Opinion: Filmmakers’ reaction to political and social conflict may help shape history


Cilley is the founder and chairman of the San Diego Film Consortium and an assistant professor at San Diego City College. She lives in Tijuana. Acosta is a filmmaker and YouTuber. He lives in the college district.

As producers of the San Diego Film Awards, in 2020 we faced an unprecedented challenge: producing a live awards show at a time when the entire event industry was shut down. A global health crisis, sweeping social justice movements and tough economic times have left some of us wondering when – or if – the entertainment industry will fully recover. It quickly became clear to us that the theme of our show had to be one thing: how art responds to disaster.

In early 2021, after months of delay, we knew we had to find a way to adapt or risk being canceled altogether. We have chosen to “go virtual” and film the entire award ceremony at THE LOT in La Jolla. Through a partnership with KPBS, we launched the TV show on May 14th.

The live experience was replaced with an intimate ceremony broadcast directly to the homes of nominees and local moviegoers. The program made the feel of being in a movie theater, something many viewers had been waiting for, and was met with great praise from those who listened to it. Somehow, the production team walked away from the experience with a belt despite the overwhelming challenges.

It quickly became clear to us that the theme of our show had to be one thing: how art responds to disaster.

As history shows us, huge disasters can in fact be really healthy for the entertainment industry. In fact, some of the most significant film movements of the past 100 years were born out of stock market crashes, military conflicts, social justice movements and more. The artist’s reaction to these events often shapes the course of their iconic works of art.

Just 100 years ago, when the film industry was still in its infancy, the world was recovering from World War I and the influenza pandemic of 1918. People needed to escape their daily problems. , and it’s the movies that gave it to them. Public demand for popular entertainment was skyrocketing, and in response, Hollywood – a cultural institution that changed the world forever – emerged.

As films grew in popularity around the world, film movements within local communities began to erupt.

Inspired by the intense experiences of World War I, German filmmakers of the 1920s began to experiment with expressionism on the movie screen. Instead of representing reality, they began to delve into visual aesthetics so powerful and eerie that they still haunt us today. Expressionists constructed impossible sets with high angles, deep shadows, and extreme camera tilt, and the style of films of this era like “The Cabinet of Dr. Caligari” (1920) and “Metropolis” (1927) resonate today. ‘hui in the work of directors such as Ridley Scott and Tim Burton.

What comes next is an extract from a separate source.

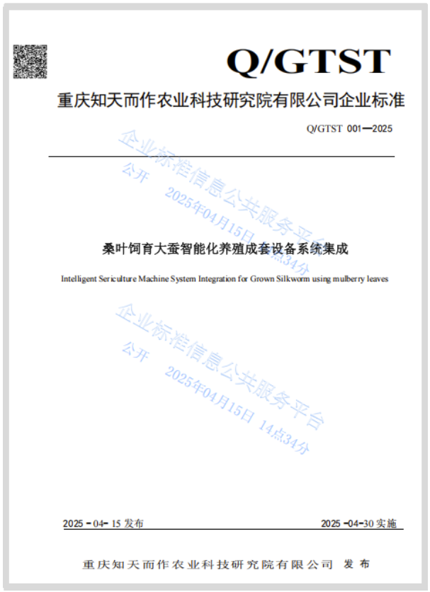 為了提升企業(yè)管理水平、規(guī)范企業(yè)內(nèi)部流程,增強(qiáng)企業(yè)競爭力,2025年4月30日,重慶知天而作農(nóng)業(yè)科技研究院有限公司《桑葉飼育大蠶智能化養(yǎng)殖成套設(shè)備系統(tǒng)集成》企業(yè)標(biāo)準(zhǔn)正式發(fā)布。該標(biāo)準(zhǔn)規(guī)定了桑葉飼育大蠶智能化養(yǎng)殖成套設(shè)備系統(tǒng)集成的術(shù)語和定義、系統(tǒng)集成組成、系統(tǒng)集成功能、系統(tǒng)集成部署、系統(tǒng)集成調(diào)試及驗(yàn)收、系統(tǒng)集成運(yùn)行及維護(hù),適用于重慶知天而作農(nóng)業(yè)科技研究院有限公司桑葉飼育大蠶智能化養(yǎng)殖成套設(shè)備系統(tǒng)集成的設(shè)計(jì)、制造、安裝與調(diào)試、維護(hù)和使用。

Two decades later, in the aftermath of World War II, Italian neorealist directors had to produce films of a country in ruins. With their cities and studios destroyed and their economy in deep recession, these mostly veteran directors have radically changed their approach to cinema, filming in the streets, bringing in non-professional actors and telling unfiltered stories of filmmaking. real people in the post-war years. Italy. This put Italian filmmakers on the map, making them known for their true guerrilla cinema, and their films inspired one of the greatest cinematic movements of all time: the French New Wave.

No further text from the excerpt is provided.